--- Exercise data Enclosed Below ---

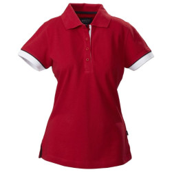 Ladies modern fit piqué polo with yarn dyed cotton. Contrasting tape at neck, placket and sleeve rib. Contrast colour on reverse side of collar. Contrasting tape at neck, placket and sleeve rib.|Contrast colour on reverse side of collar.|100% cotton, collar with elastane, 240 g/m²|White features black, white & grey stripe at neck & cuffs. Plain white on reverse collar.|Black features black, white & grey stripe at neck, cuffs & reverse collar.|Red features navy, red & white stripe at neck, cuffs & reverse collar.|Navy features navy, red & white stripe at neck, cuffs & reverse collar.
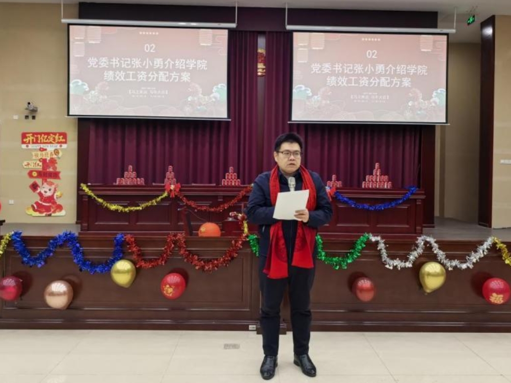 学院党委书记张小勇作新年致辞,他代表学院党委对全体教职工一年的辛勤付出表示感谢,并为全院师生送去新年祝福,同时勉励大家要在十五五规划开启之年、学校落实教育强国建设三年行动计划攻坚之年、建校七十周年之际做出人文学院应有的贡献。会上,张小勇书记还在前期征求意见的基础上就学院2025年度绩效分配方案进行了通报说明。
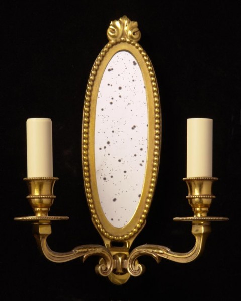 LOUIS XVI Style gilded bronze and mirror back two light sconce

--- End of Enclosed Exercise data ---

● What is needed:
Set down the material exactly, every line of it, except for the pictures.

● Answer box:
 Ladies modern fit piqué polo with yarn dyed cotton. Contrasting tape at neck, placket and sleeve rib. Contrast colour on reverse side of collar. Contrasting tape at neck, placket and sleeve rib.|Contrast colour on reverse side of collar.|100% cotton, collar with elastane, 240 g/m²|White features black, white & grey stripe at neck & cuffs. Plain white on reverse collar.|Black features black, white & grey stripe at neck, cuffs & reverse collar.|Red features navy, red & white stripe at neck, cuffs & reverse collar.|Navy features navy, red & white stripe at neck, cuffs & reverse collar.
 学院党委书记张小勇作新年致辞,他代表学院党委对全体教职工一年的辛勤付出表示感谢,并为全院师生送去新年祝福,同时勉励大家要在十五五规划开启之年、学校落实教育强国建设三年行动计划攻坚之年、建校七十周年之际做出人文学院应有的贡献。会上,张小勇书记还在前期征求意见的基础上就学院2025年度绩效分配方案进行了通报说明。
 LOUIS XVI Style gilded bronze and mirror back two light sconce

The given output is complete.